That did not happen. We Do Not Give Latvia to Anyone received a great deal of local and international publicity. A local Russian-language newspaper urged authorities to bring charges of incitement against the publisher, and Russia issued a statement harshly condemning the book and what it called a Russophobic hate campaign "in the spirit of Goebbels." At Russia’s prodding, the Council of Europe and the Organization for Security and Co-operation in Europe investigated. Mainstream media condemned it as intolerant, representatives of international organizations suggested the book was in "bad taste," and 30 representatives of nongovernmental organizations and academia addressed an open letter to Latvian politicians urging them to keep distance from racists and implement their social integration policy more vigorously. The furor was sufficient to put the book through three printings and briefly to the top of the bestseller list.

The fuss bewildered the Latvian political elite. The government has enshrined "social integration" as one of its core objectives, and in the wake of earlier disputes with Russia on such issues as barriers to citizenship for ethnic Russians in Latvia, Latvian laws and practices on the treatment of minorities have gradually been brought into line with European norms. In a belated response to outcry over the book, the Latvian prime minister and president issued bland statements of condemnation, and law enforcement authorities carefully reviewed the book but found nothing that constituted incitement under Latvian law.

Russia’s reaction to the book fits a long-running pattern of bad-mouthing Latvia, a pattern that undoubtedly will become more pronounced during the run-up to the November 2002 Prague summit on NATO expansion, as Latvia and the other Baltic nations seek invitations to NATO membership, much to Russia’s distress. Over the last decade, Russian politicians have sought to isolate Latvia internationally, charging it with "gross and systematic human rights violations," "ethnic cleansing," and "apartheid" in its treatment of Latvia’s Russians, which make up 30 percent of the Latvian population. In 1998, Moscow Mayor Yuri Luzhkov even compared Latvia to Cambodia under Pol Pot.

Under President Vladimir Putin, Russia’s rhetoric has grown more subtle but often more invidious. Lately, Russian officials have drawn parallels between Latvia and Macedonia. Russia’s message: Absent a West-imposed "settlement" in Latvia, civil war is possible, or at least, Russians would be justified in using violent tactics. Most outrageously, in the wake of the attack on the World Trade Center and the inauguration of America’s campaign against terrorism, Russian officials have tried to brand Latvia a state that aids and abets terrorism in Chechnya.
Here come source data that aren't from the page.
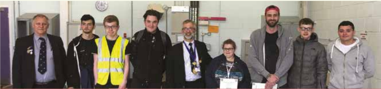
The Late Collector and Deacon at the Pre-Apprentice Competition

This year it was the turn of the Masons to design a window for the link corridor of the Royal Infirmary, crafted by students at City of Glasgow College. This magnificent piece features old and modern themes and we encourage you to see it soon.
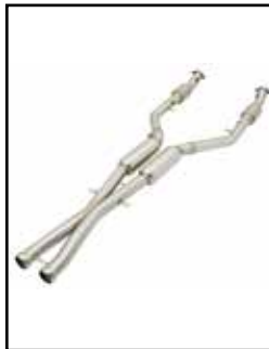
Mid Pipe/X-Pipe Exhaust

P/N: 49-36321 (w/ Reson.) 49-36316 (No Reson.)
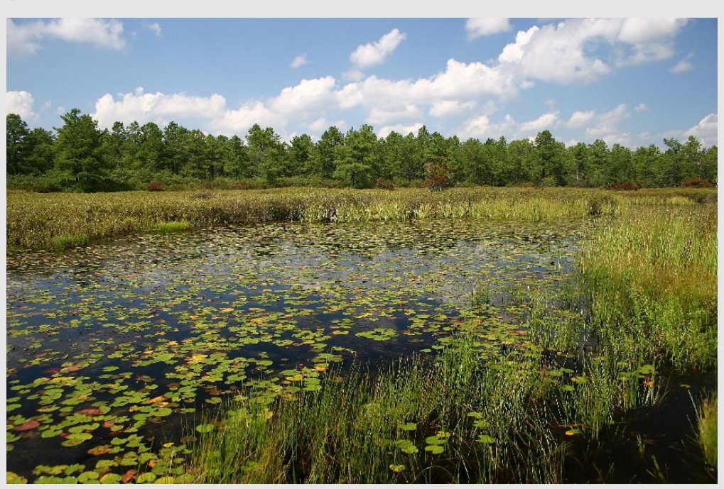
Paramecium Pond, New Jersey Pinelands.

The New Jersey Pinelands Commission is the primary agency that oversees land use in the Pinelands Biosphere Reserve. The Pinelands Comprehensive Management Plan, or CMP, contains land-use and environmental regulations that are designed to balance economic needs with the mission of preserving and protecting the region's many resources.

While some Latvians sympathize with Chechen victims, Latvia has neither the means nor the suicidal inclination to assist anyone struggling against Russia. On the contrary, Latvia has repeatedly reiterated its interest in maintaining good relations with Russia.

Most immediately, opposition to NATO expansion underlies Russia’s tactics. If Russia can sow doubts about Latvia’s stability and commitment to Western values, Latvia’s NATO bid will suffer. In the medium term, Russia will also oppose Baltic membership in the EU unless it can get a good deal from the West in exchange for its acquiescence. A wide array of actors in Russia — oil barons included — stand to lose influence when the Balts accede to the EU: There will be less room for influencing economics and politics in the region, higher insurance costs and more stringent environmental controls for raw materials transit, and fewer opportunities to play up the minority card once Latvia is judged to have met EU human rights conditions and its Russian speakers begin to think of themselves as European.

The truth is that NATO and EU membership will benefit Russians in Latvia, and moreover, strengthen Latvia’s relations with Russia. To gain admission to these clubs, Latvia must adhere strictly to European legal standards. Also, a secure and prosperous Latvia will find it increasingly easy to extend a hand toward Russians at home and abroad. Russians in Latvia, for their part, will find it easier to identify with a modernizing, European Latvia. Russia will no longer be tempted to try to isolate Latvia, and more businesslike interstate relations will permit an expansion of cultural and other exchanges. People of Garda’s ilk will undoubtedly continue to make noise, but nobody will pay them much attention, in Latvia or abroad.

Nils Muiznieks is director of the Riga-based Latvian Center for Human Rights and Ethnic Studies, a nongovernmental organization.